Felicia stood, her hand grasped the doorknob with white knuckled resolve not to turn it, open it, and answer it. As if holding back the evil that stood behind it, this door was her only protection from what was out there. She wasn't expecting anyone or anything. Who could it be, she wondered? Her panic loomed larger than her sanity. Anxiety controlled her and she was frozen in place with apprehension.
Suddenly, the door grew larger and claimed her, she imagined. The door dominated her. This inanimate door took on a life of its own breathing, seething, pulsating, and nearly bursting open to claim her and the inside of her house as part of the evil that was beyond this closed and locked front door.
She leaned forward and looked out through the peephole, but there was no one there.
"Who is it?" she said through the door. No one answered. "Who is it?" she asked again without response and adding to her growing consternation.
This is the door she hid behind. So long as she kept this door closed and locked from what was out there, she was safe. This is the door that sheltered her and saved her from reality and from the heaviness of the outside world. This is the same door she crumbled against and wept when they gave her the worst news, not once, but twice. Maybe, this time, the door had come for her. This was her door of death and maybe by not opening it, again, she would live.

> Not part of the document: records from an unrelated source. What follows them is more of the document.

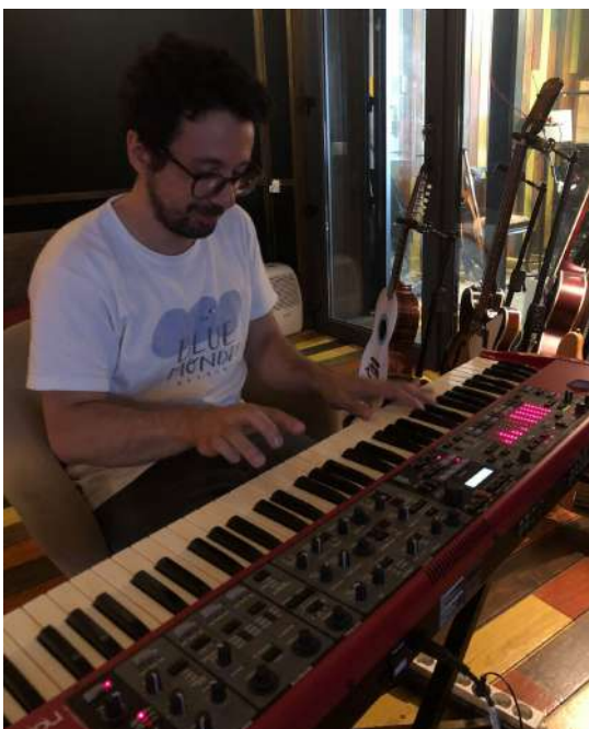
Fig.29 - Gravação de Teclados

O piano utilizado foi um piano acústico vertical, da marca Yamaha modelo U3. Para o seu registo foram usados dois pares de microfones: Lewitt LCT 640 TS e Earthworks QTC40. O piano foi gravado num total de 4 vias / canais. Já os teclados, foi utilizado um Nord Stage 1 EX diretamente ligado a dois prês da “BAE” modelo 1073MPL Serie 500.
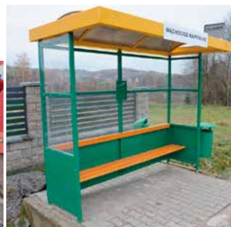
Ul. Górna – Mącholicie Kapitulne
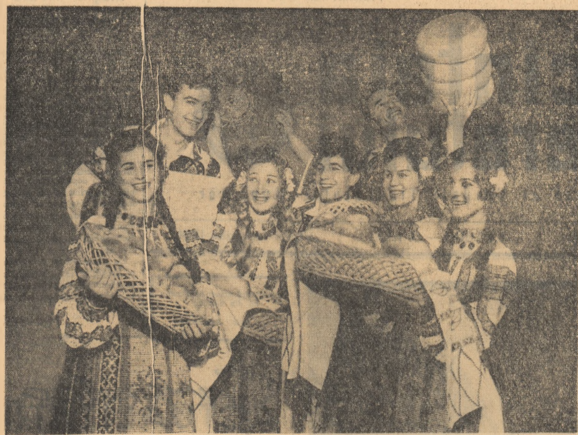
Ansambllul de cîntec și dansuri „Ciprian Porumbescu” din Suceava pregătete un nou spectacol.
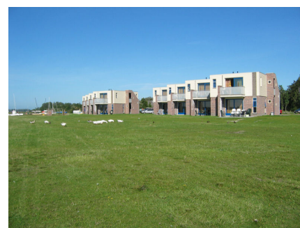
Appartementen De Schotsman

De Lucht Restaurants (A2) bij Zaltbommel
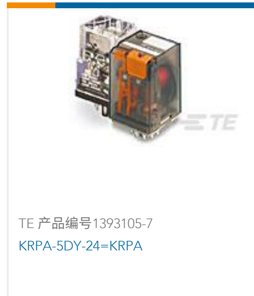
TE 产品编号1393105-7 KRPA-5DY-24=KRPA
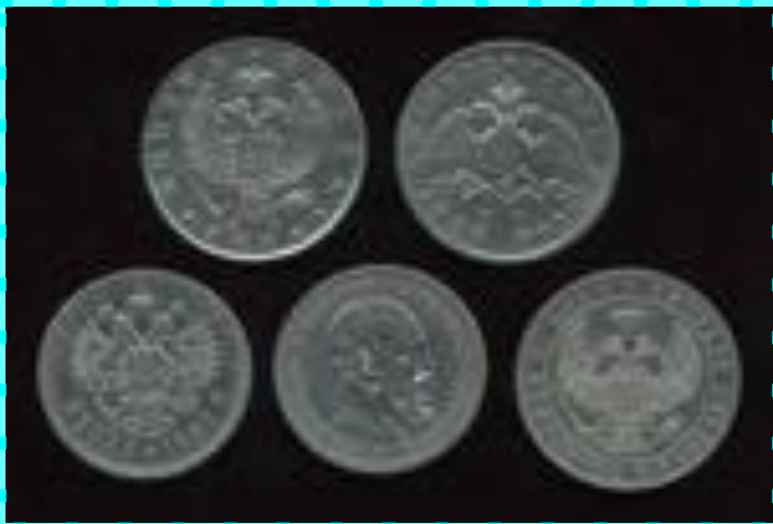
Рубли XVIII века
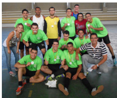
1º Lugar - Agronomia
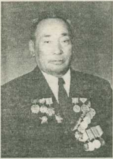
Кизн туттар дьоммут — биһир дойдубулаахтарбыт
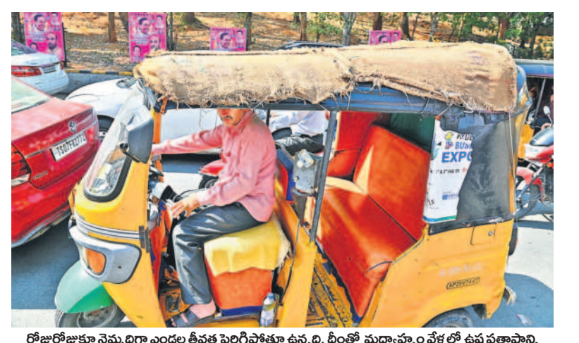
రోజురోజుకూ నెమ్మదిగా ఎండల తీవ్రత పెరిగిపోతూ ఉన్నది. దీంతో మధ్యాహ్నం వేళల్లో ఉష్ణ ప్రతాపాన్ని తట్టుకునేందుకు ప్రత్యేక ఏర్పాట్లు చేసుకున్న ఓ బీఆర్ఎస్

డిమాండ్ కు అనుగుణంగా నీటిని వదులుతున్న అధికారులు

Yet, hiding behind this door and locked away in her house was not living. She was the walking dead.
She never left her house anymore. With the proceeds realized from her husband's insurance policies, there was no reason to go out there anymore. She had everything she needed delivered to her front door, paying for it by credit card in advance, and peering out the peephole and talking through the door.
"Leave it on the stoop, please." And go away, she wanted to add, but didn't.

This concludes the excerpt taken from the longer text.